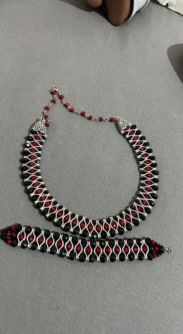 Kırmızı Siyah Boncuklu Yılan Desenli Gotik Kolye
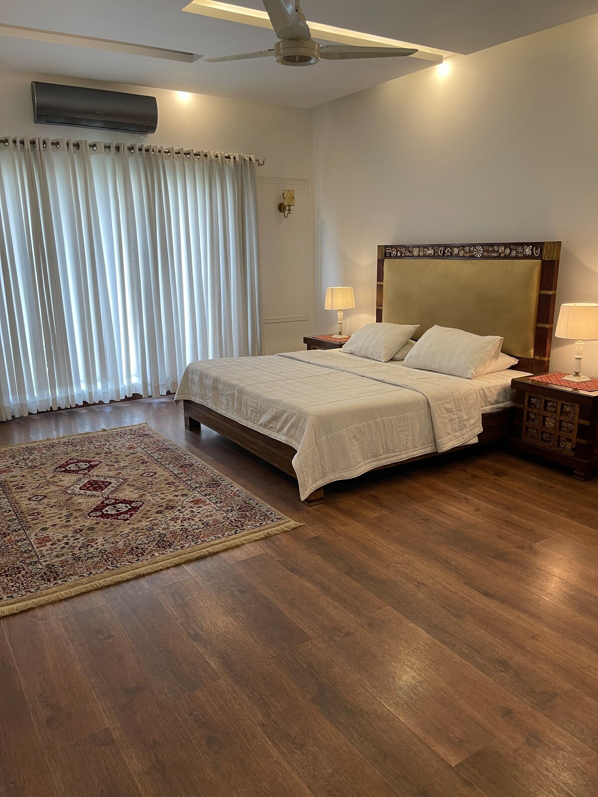 Stay at home away from home in this private 2-bed suite of a charming family owned farmhouse on Bedian Road — 20 mins from airport, 10 mins to Fairways DHA 6 & top restaurants, 15 mins to Dolmen Mall. Two furnished bedrooms (one with attached bath & TV). Cozy living with garden views, equipped kitchen, WiFi, Smart TV & dedicated parking. Bring your family and let kids explore nature hands-on. Free introductory tour for kids to explore plants & birds. Optional chef home meals (extra menu).
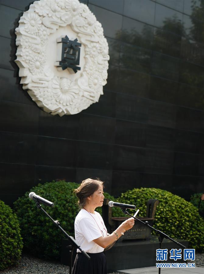 8月15日,在侵华日军南京大屠杀遇难同胞纪念馆祭场内,日本神户·南京心连心会第23次访华团团长宫内阳子在集会上发言。 当日,在中国人民抗日战争胜利74周年之际,包括日本神户·南京心连心会第23次访华团成员在内的十余个国家的代表,一同在侵华日军南京大屠杀遇难同胞纪念馆举行国际和平集会,悼念南京大屠杀遇难者,祈祷世界和平。 新华社记者 季春鹏 摄
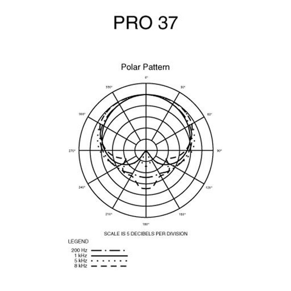 Конденсаторный микрофон с малой диафрагмой PRO37 предназначен для озвучивания акустических гитар, тарелок, фортепиано. Также может использоваться для озвучивания хора. Микрофон обладает расширенной частотной характеристикой, которая позволяет передать тончайшие нюансы звукоизвлечения. Кардиоидная диаграмма направленности отсекает посторонние шумы, выделяя полезный сигнал. Сохраняет стабильность характеристик при воздействии высоких уровней звукового давления.
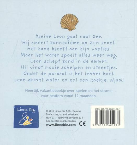 Kleine Leon gaat naar zee. Hij smeert zonnecrème op zijn snoet. Het zand kleeft aan zijn voetjes. Maar het water spoelt alles weer weg. Leon schept zand in de emmer. Hij vindt mooie schelpen en steentjes. Onder de parasol is het lekker koel. Leon drinkt water en eet een koekje. Njam! Heerlijk vakantieboekje over spelen op het strand!
• • • •
- [THE PROBLEM] From the first line to the last, copy the records above exactly and drop any pictures.

- [EXPECTED ANSWER]
 Kırmızı Siyah Boncuklu Yılan Desenli Gotik Kolye
 Stay at home away from home in this private 2-bed suite of a charming family owned farmhouse on Bedian Road — 20 mins from airport, 10 mins to Fairways DHA 6 & top restaurants, 15 mins to Dolmen Mall. Two furnished bedrooms (one with attached bath & TV). Cozy living with garden views, equipped kitchen, WiFi, Smart TV & dedicated parking. Bring your family and let kids explore nature hands-on. Free introductory tour for kids to explore plants & birds. Optional chef home meals (extra menu).
 8月15日,在侵华日军南京大屠杀遇难同胞纪念馆祭场内,日本神户·南京心连心会第23次访华团团长宫内阳子在集会上发言。 当日,在中国人民抗日战争胜利74周年之际,包括日本神户·南京心连心会第23次访华团成员在内的十余个国家的代表,一同在侵华日军南京大屠杀遇难同胞纪念馆举行国际和平集会,悼念南京大屠杀遇难者,祈祷世界和平。 新华社记者 季春鹏 摄
 Конденсаторный микрофон с малой диафрагмой PRO37 предназначен для озвучивания акустических гитар, тарелок, фортепиано. Также может использоваться для озвучивания хора. Микрофон обладает расширенной частотной характеристикой, которая позволяет передать тончайшие нюансы звукоизвлечения. Кардиоидная диаграмма направленности отсекает посторонние шумы, выделяя полезный сигнал. Сохраняет стабильность характеристик при воздействии высоких уровней звукового давления.
 Kleine Leon gaat naar zee. Hij smeert zonnecrème op zijn snoet. Het zand kleeft aan zijn voetjes. Maar het water spoelt alles weer weg. Leon schept zand in de emmer. Hij vindt mooie schelpen en steentjes. Onder de parasol is het lekker koel. Leon drinkt water en eet een koekje. Njam! Heerlijk vakantieboekje over spelen op het strand!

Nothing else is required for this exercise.